Even so, God usually chooses to work through man and through natural means in healing. In fact, more often than not, this is God’s way of working His will in general. He gives ordinary (or very gifted) men and women the privilege to be the means of His work.

  • He doesn’t command angels to fly down and sing His praise; He gives musicians and singers the talent to create beautiful music to His glory.
  • He created the weather but decrees the farmer to till the harvest
  • He doesn’t shout from heaven for all to believe, but commissions His own to share the gospel.

And He gives doctors and nurses the special medical skill and wisdom to understand illness and bring patients to health.

Misconception #2 – All healing comes from science and medicine alone.

In a recent Facebook comment, someone said, “I was in a motorcycle accident, and not once did I pray, but here I am, completely healed”. My response to this is that there is such a thing as common grace, which is the overriding and unbiased grace of God poured out on everyone, whether they are righteous or not. Jesus expressed this when He said that God causes “his sun to rise on the evil and the good, and sends rain on the righteous and the unrighteous” (Matthew 5:45) and that God “is kind to the ungrateful and wicked” (Luke 6:35). The very fact that He does heal at all is cause for praise to Him. The very fact that we have one more day to draw breath is due to His grace. We don’t start with a sense of entitlement and strength, we start first with an understanding that He isn’t obligated to help or heal us, but in His love, He does choose to heal many.

You know, I look around me and I’m amazed at the ingenuity of man. Really, what we’ve been able to do in the areas of science and technology is staggering.

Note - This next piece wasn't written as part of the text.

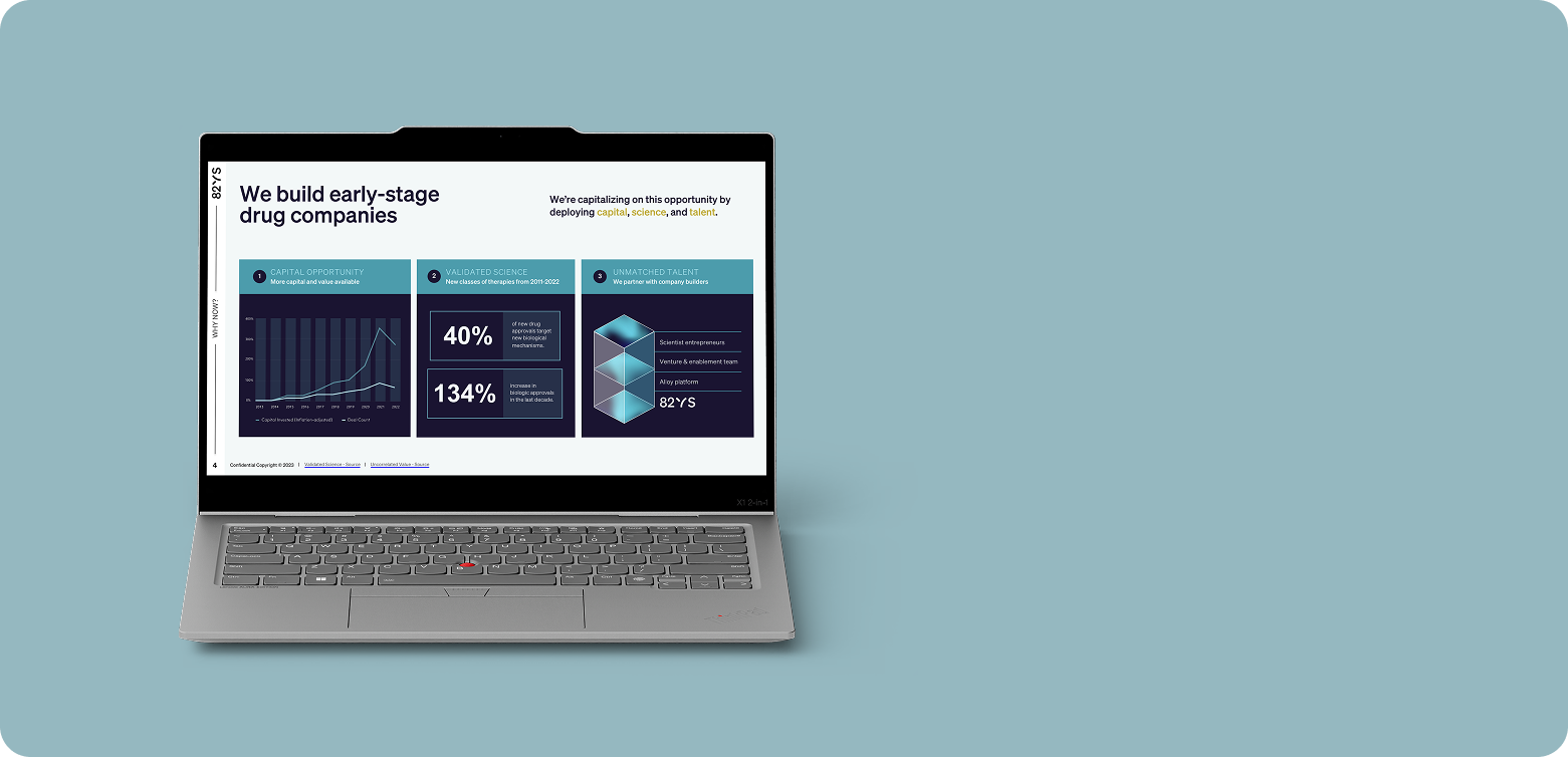 We’ve helped companies raise over $100 million with decks that do the heavy lifting. From Series A pitch decks to enterprise sales presentations, we’ve designed more than 200 decks across biotech, tech, and health. Our process is fast, strategic, and dialed in! Informed by what investors and buyers actually want to see.

It’s so easy to take the credit when we forget that we are the created, not the Creator. God has already created the depths of what we can discover. With as much as we’ve done, we cannot add one iota to a life that is fading–we find that our abilities alone will always have a limit.

Conclusion – God heals as he sees fit

I don’t believe that God and modern medicine are incompatible. God heals as He sees fit. He is sovereign for the outcome. In other words, we do all we know to do medically but God knows the outcome of each illness.


There is a comfort in knowing that life and death aren’t ultimately in our hands. Can you imagine the burden upon us if it was? Caregivers have such a burden upon them as it is, with so many decisions to make for the patient. If you cared for a loved one that passed away, the second-guessing can be overwhelming. This subject came up at a Bible Study I attended this last week. That’s when all kinds of questions came up:

“Should I have tried harder?”

“Should I have pursued another type of treatment?”

“Was there something I could have done differently to extend his/her life?”

Knowing that God is sovereign in healing releases us from any of this anxiety. His word clearly states that there’s an assigned time for each person to die. (Hebrews 9:27). This means that if someone is meant to recover, then God will bring about the circumstances of that healing, whatever that may be. This is in spite of any well-meaning, yet limited wisdom we may have. By the same token, if someone’s time on Earth is up, no human effort can stop that either. We don’t have to beat ourselves up for our shortcomings. We can pray continually and care for them to the best of our ability but we can also take comfort in knowing that life and death aren’t ultimately in our hands. Yet another reason to thank God.

Brantly quote


Why do you think that some people criticize prayer in healing?

Do you believe God uses man to accomplish His purpose? If so, where’s the balance?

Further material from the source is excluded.